The first brown dwarf discovered until 1995, but was already predicted those objects no longer exist in the 1960s. Additional discoveries during the 2000s rolled in early with the help of the Sloan Digital Sky Survey data, the two microns all-sky survey, a project to map all-sky infrared by analyzing infrared processing center and the University of Massachusetts, Amherst.


Navon task ensures that find even more of these small stars, with all sky infrared enhanced. In fact, the smart is probably more than double the number of known brown dwarfs come out to our 25 years of sunlight, and even one may find it more close to us than our rack known star, Proxima Centauri, which is 4 light years away. Wise telescope Benno in all-sky survey and entered his bedroom in 2011 a month, but astronomers now begins the daunting data.

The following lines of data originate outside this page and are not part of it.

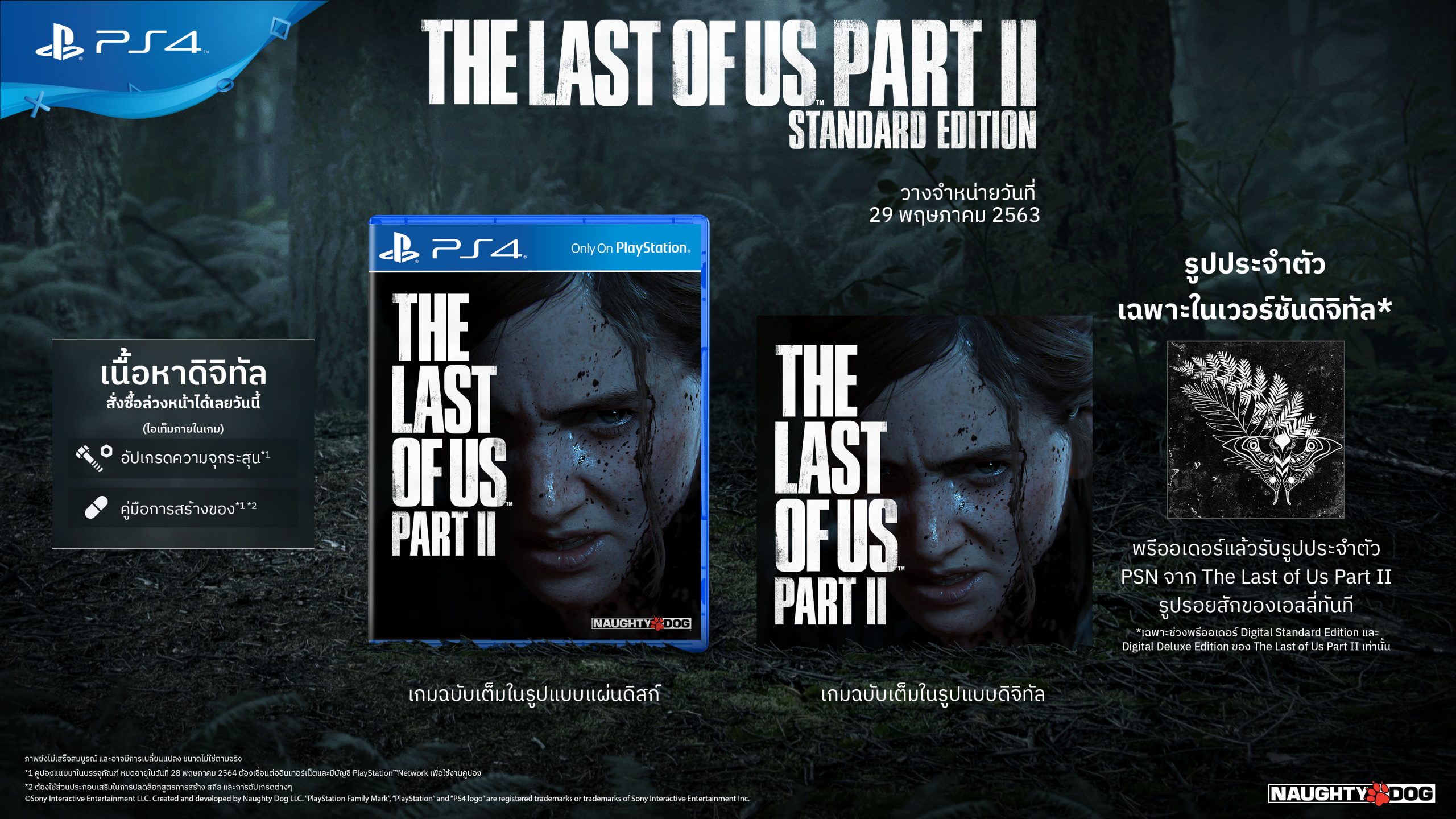 โซนี่ อินเตอร์แอคทีฟ เอนเตอร์เทนเมนต์ สิงคโปร์ ประกาศวันวางจำหน่ายเกมเอ็กซ์คลูซีฟ “The Last of Us™ Part II” บนเครื่องเกม PlayStation®4 (PS4™) ในวันที่ 29 พฤษภาคม ศกนี้ มาพร้อมฟีเจอร์รองรับภาษาไทย ประกอบด้วยรูปแบบดิจิทัลดาวน์โหลด Digital Standard Edition ราคา 1,890 บาท และ Digital Deluxe Edition ราคา 2,390 บาท และรูปแบบแผ่นบลูเรย์ Standard Edition ราคา 1,890 บาท, Special Edition ราคา 2,590 บาท, Collector’s Edition ราคา 6,690 บาท และ Ellie Edition ราคา 8,990 บาท
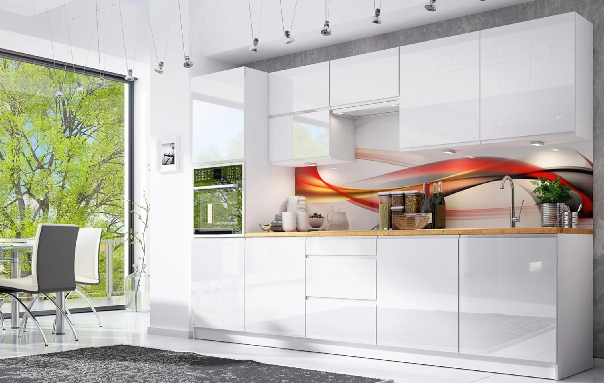 Fényes, tágas hatás – optikailag növeli a konyha méretét, világosabbá teszi a teret.
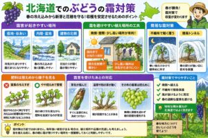 北海道でぶどう家庭菜園をするなら、春の霜対策は外せません。芽が動き始める時期に冷え込むと、新芽や花穂が傷み、その年の収量へ響くことがあります。とくに内陸や盆地、低地は霜だまりになりやすいです。ここを軽く見ると、「苗は元気なのに、毎年春に止まる」という状態になりやすいです。ぶどうの栽培は夏のイメージが強いですが、北海道では春のスタートがかなり重要です。
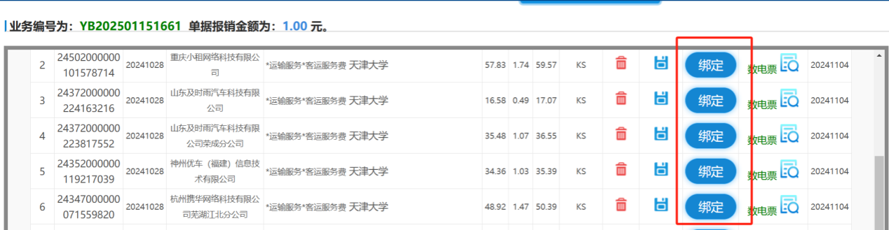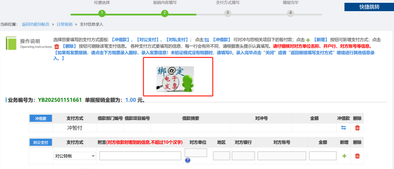 二、正常进行报销预约,最后一步支付信息录入界面,选择绑定电子发票按钮,进行电子票据与预约单的绑定工作。
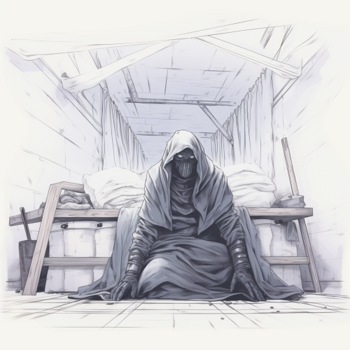 outline of body under white bedsheet, dark and cold stockroom, dungeons and dragons concept art
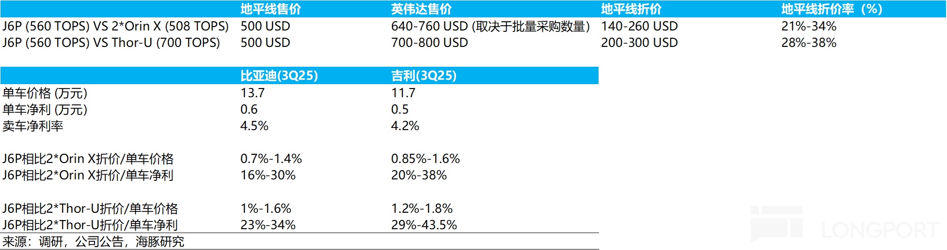 这有助于比亚迪和吉利这种规模大、低毛利的车企,采用地平线 J6P 芯片能能加速城市 NOA 在平价车型上的渗透。
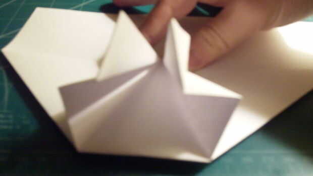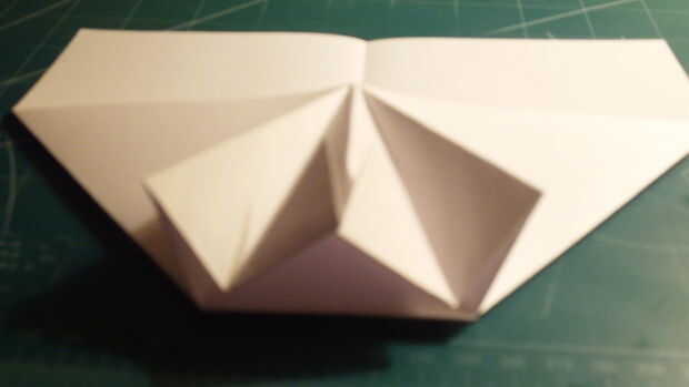 Doblar el triángulo delantero pequeño en el lado "limpio". Abierto todos pero los triángulos pequeños en el otro lado por lo que aparece casi tan plano como lo fue.
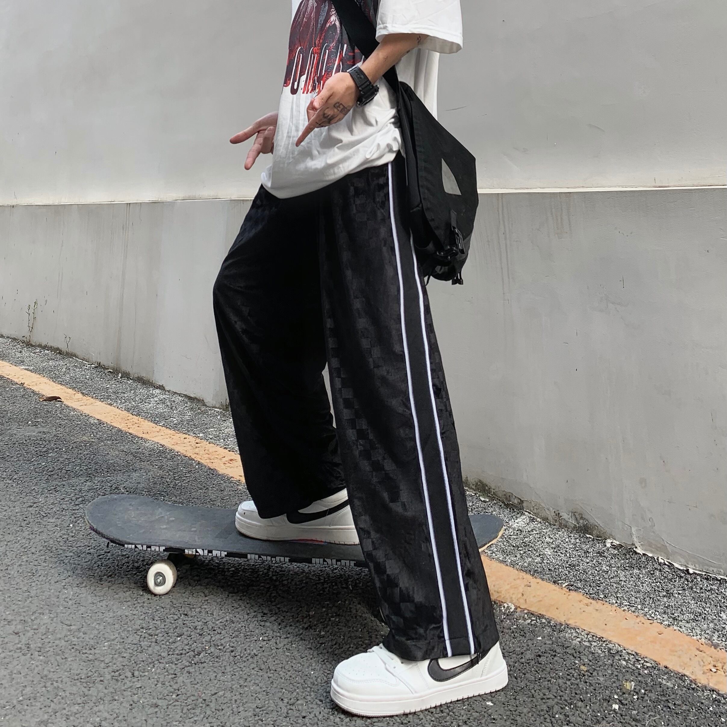 パンツ 夏服トレンドダークパターンルーズハイウェストウェストスリム ストリート 夏物 ボーイズ ウエスト デーモン98362490583
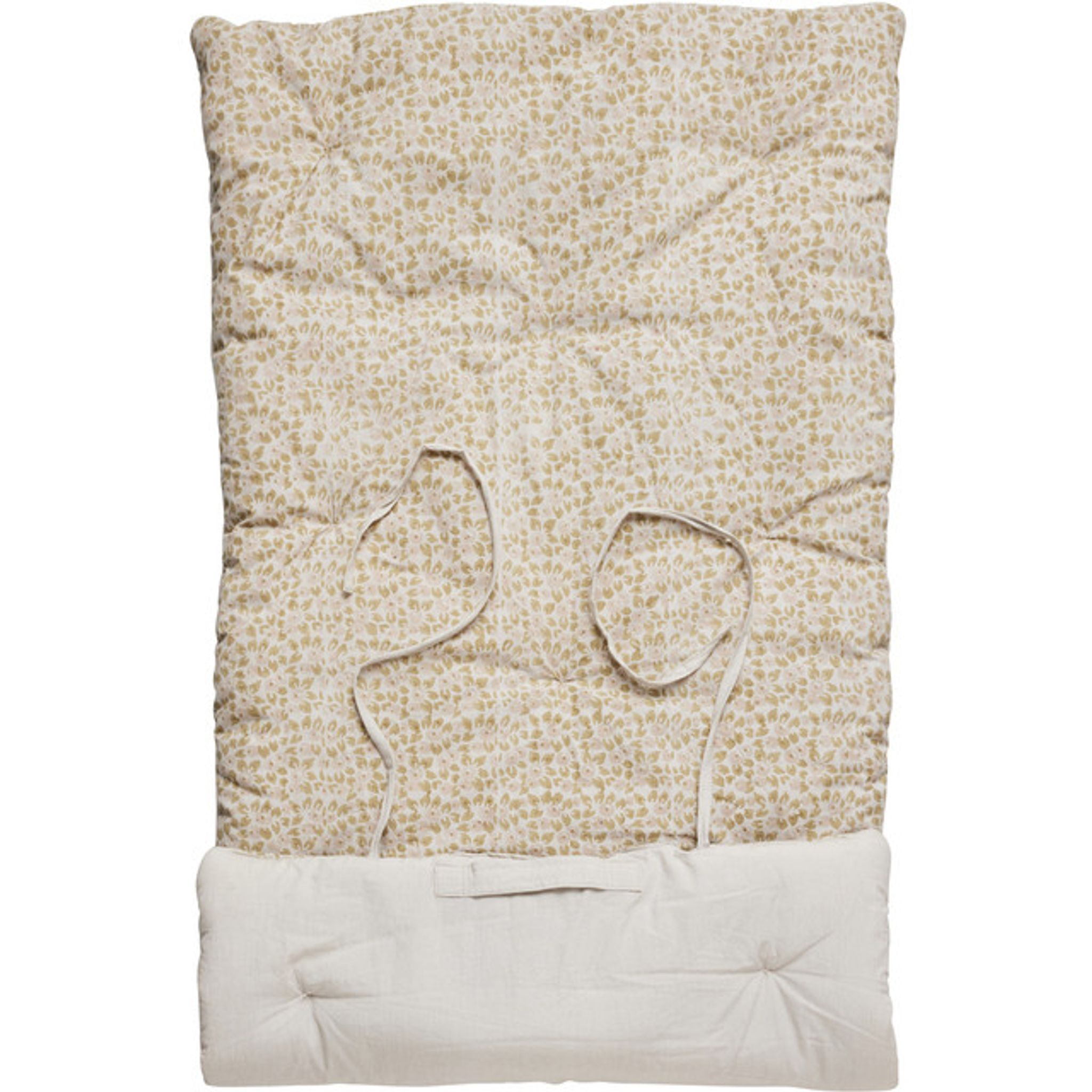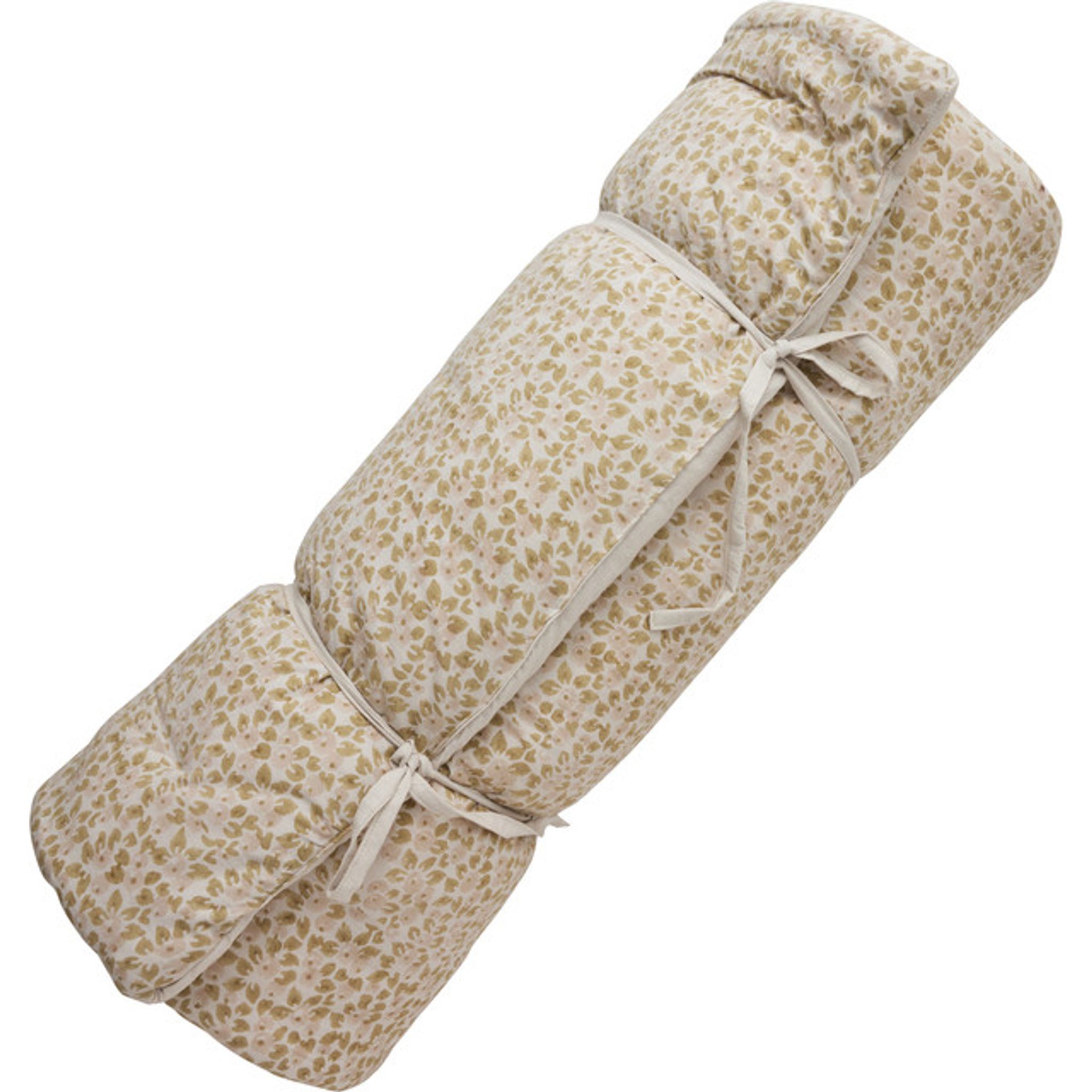 Madrassen är lätt att rulla ihop och strama åt med de medföljande remmarna, vilket gör den enkel att flytta och förvara. Den ger en mjuk och luftig sitt- eller viloyta som fungerar som golvmadrass, extra säng eller som en del av dina sängtextilier. Det handtryckta motivet ger varje exemplar ett eget uttryck utan att påverka funktionaliteten.

Mainzer and Cushing was picked some good brown dwarf candidates out of the smart data. Their next step was to use the facility telescope NASA infrared above Mauna Kea in Hawaii to gather more information about the objects, and to understand if they are really brown dwarfs, and not something else, such as a distant galaxy masquerading as cool nearby star. This is what brought them to a quiet Conference Room late at night, when even the most astronomers usually owlish of working in the building went home.


"You've got the Guidedog," said Cushing, speaking through the phone speaker operator telescope NASA infrared telescope facility in Hawaii. Guidedog is the name of the computer that controls the camera the telescope. The operator took the computer to focus the telescope.


During the night, the Mainzer vkoshing said the operator, when they were ready to point the telescope at different patch of sky, while controlling the settings that are specific to the interface software on their laptops. The screen of the laptop was projected onto the big screen in the room, where they can get a better view of the software.


One task involved objects and their interest into windows, or slots, the mask stars in other nearby. After the command was given to capture the image, musical instruments, infrared telescope facility, called the spectrometer, broke apart or the fundamental components of the object, like a Prism disperses sunlight into a rainbow. These data were then plots, spectra, showing the proportions of different light than the strength of each wave. Peaks, the purchase was discovered molecules that make up the object, as well as its temperature.


"I think we decline T dwarf," said Mainzer, referring to the sort of brown dwarfs the organizing system according to their temperature. T-dwarfs are about 1400 to 500 Kelvin (about 960 to 230 degrees. c). Wise to find cold heat, maybe even dwarfs even the elusive Y-dwarfs, which some theories say might be cold in about 200 Kelvin (minus 73 degrees Celsius). If this object was discovered, it would be a star-like body is cold.


The search for brown dwarfs continued into the night. The astronomers ar were bags of sweet-and-sour gummies and M & Ms, not to mention the thrill of discovering new worlds.


They stayed until 3 a.m. on the same night, midnight in Hawaii. The telescope was then in turn another team of observers.


"We are still late with the stars, even though we see them using electronic sensors instead of looking through a telescope within our eyes," said Mainzer. "But compared to the ancient astronomers, I think our feeling of AWE is the same, we are continuing search to understand our amazing universe."


The source of the story:


The above story is published  materials provided by good laboratory of NASA/Jet.